A little spot in the green?

A Spot in the Green?

A Spot in the Green?

First appearance as CDU general - and failed

Debut as CDU General: Kauder shocks Red-Green with Nazi comparison. At least one stops wondering why the JU invites Hohmann as a keynote speaker - the tree simply doesn't fall far from the apple here. The Union has been playing with the right-wing fringe time and again since Kohl.

Protests against the situation in Saxony only exist because a few seats didn't go to their own ultra-rightists there. So no real difference of opinion, but pure turf warfare...

Eric's Archived Thoughts: WP-Gatekeeper

Eric's Archived Thoughts: WP-Gatekeeper is a very interesting approach to comment spam: it simply asks one of many pre-configured questions that a human can answer very easily, but a spam bot cannot. Similar forms are already being used in various blogs, but here it's nicely worked out (although in my view it could also be completely realized as a plugin). The basic idea is essentially that of a CAPTCHA - but a textual CAPTCHA. A human can easily answer the question what is 1+1 - a spam bot won't get anywhere with that. Sure, spammers can create databases of questions and answers. But if everyone sets up their own collection of questions, it won't get them far. For comment spam, it should be a very usable solution.

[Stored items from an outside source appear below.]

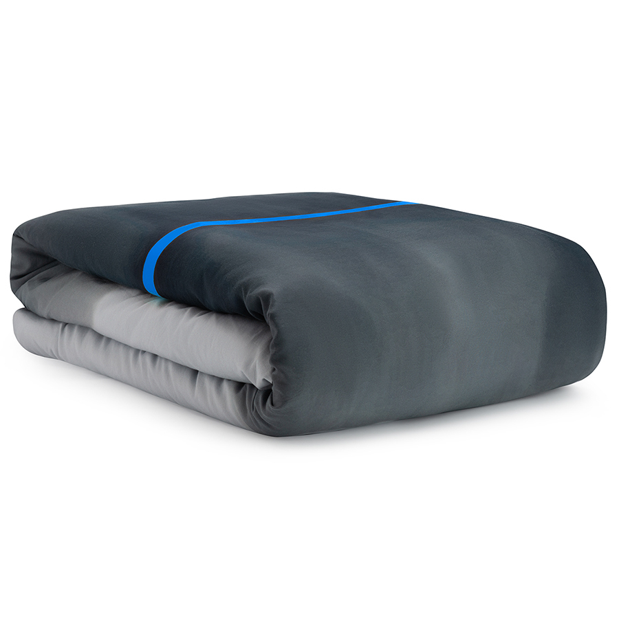 Комплект постельного белья из умягченного сатина из коллекции Slow Motion, Electric Blue с авторским принтом, напоминающим игру света и теней в пространстве по-настоящему освежит интерьер спальни. Симметрия, плавные волны и яркая линия на пододеяльнике создают ощущение умиротворения. Умягченный хлопковый сатин плотностью 300 ТС очень похож на шелк. Он мягкий на ощупь, не теряет внешний вид после множества стирок, не линяет и на нем не образуются катышки. Подходит для повседневного использования. Линейка Slow Motion - вторая коллаборация с предметным дизайнером Димой Логиновым.
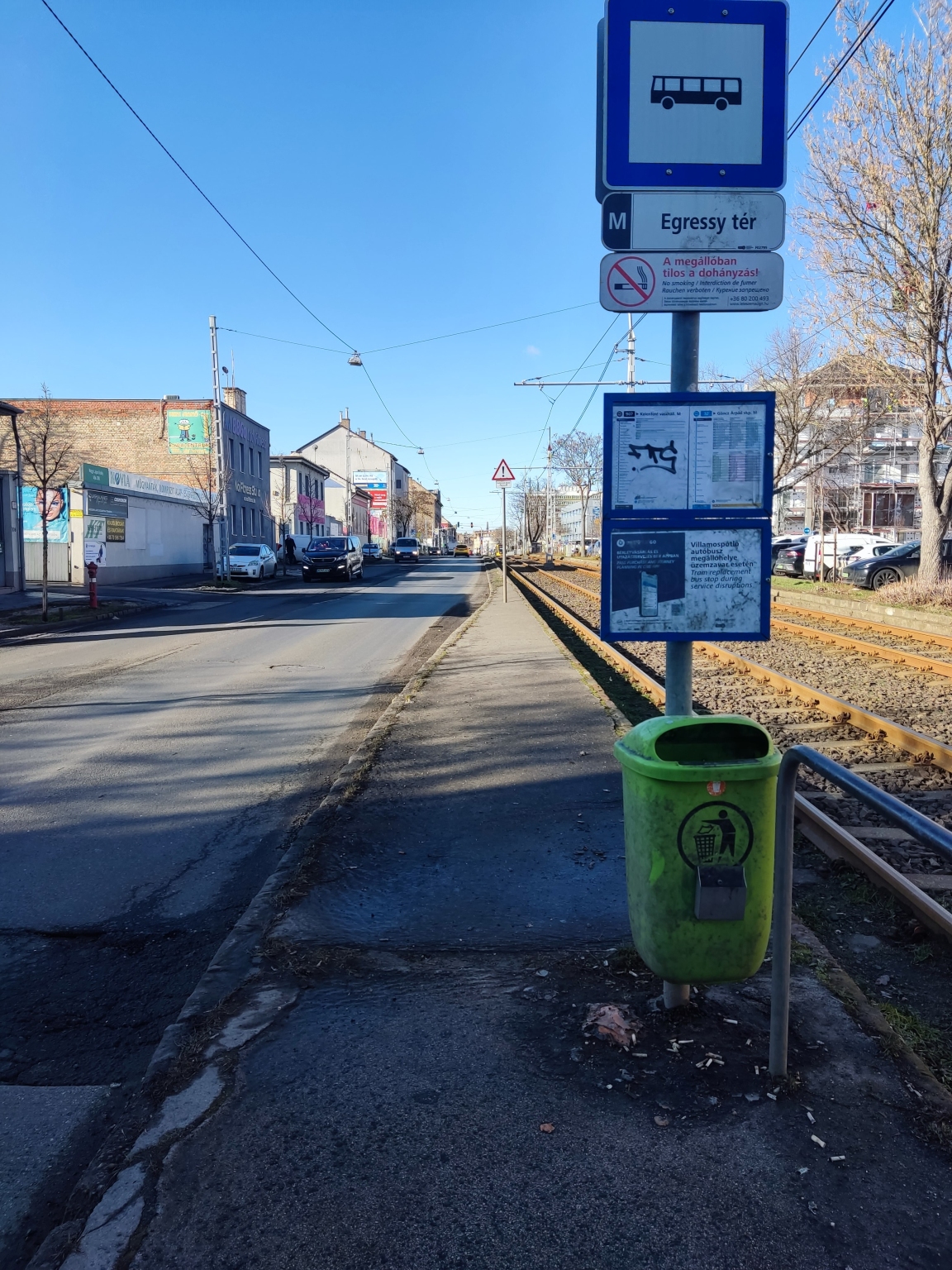 Kiégett szemetes maradványa és szemét a buszmegállóban.
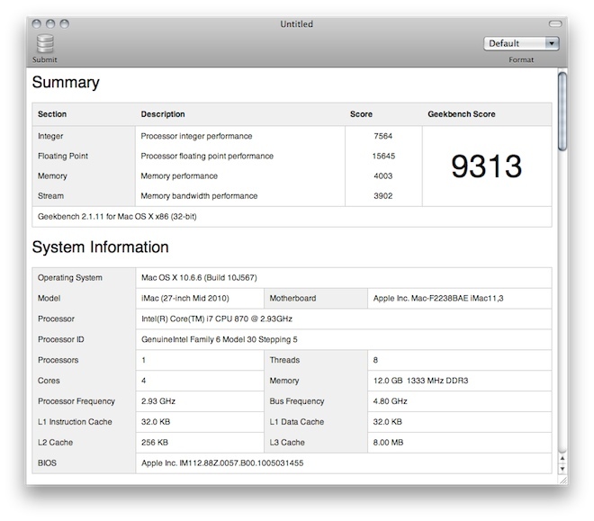 Na následujícím obrázku vidíte Geekbench test iMac s procesorem Intel i7 na 2.93Ghz, 12GB DDR3 operační paměti na frekvenci 1333Mhz, grafickou kartou ATI HD 5750 a 1TB pevným diskem s 7200 otáčkami za minutu. Test byl proveden po restartu systému Mac OS X 10.6.7 Snow Leopard a v jeho průběhu nebyla spuštěna žádná jiná aplikace. Test byl proveden celkem 5x a byl vybrán průměrný výsledek, výsledky testu se lišily v řádu jednotek bodů.

Unfortunately, there's no such simple solution for trackbacks...

Update: since I find the idea somewhat amusing, I'm currently writing a corresponding plugin. So it's possible that my comments might behave a bit strangely tonight.

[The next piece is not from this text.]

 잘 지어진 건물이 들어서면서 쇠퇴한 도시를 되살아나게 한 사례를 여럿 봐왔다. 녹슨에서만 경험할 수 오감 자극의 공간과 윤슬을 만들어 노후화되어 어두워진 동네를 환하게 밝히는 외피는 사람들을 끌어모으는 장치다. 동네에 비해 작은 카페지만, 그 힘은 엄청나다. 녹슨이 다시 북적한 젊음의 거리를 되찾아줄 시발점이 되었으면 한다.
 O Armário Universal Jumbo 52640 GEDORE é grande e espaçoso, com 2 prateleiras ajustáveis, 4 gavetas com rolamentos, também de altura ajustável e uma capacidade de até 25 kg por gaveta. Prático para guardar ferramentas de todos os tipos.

FDP's Presentation on Education Policy

FDP: "In Germany, the wrong people are having children" - I was also sitting there pretty flabbergasted at the garbage that Bahr spouted. I just hadn't quite figured out how to verbally attack it. Ralf took that off my hands. Go read it.

freshmeat.net: Project details for JRuby - cool, JRuby has now reached Ruby 1.8. A nice alternative in the Java environment to simply program with Ruby. The Jython folks should get a move on and finally make Jython fully Python 2.3 compatible - there's still a lot that needs work there.

heute.de - The Unequal Brothers. A good summary of the blogosphere and its relationship to journalism.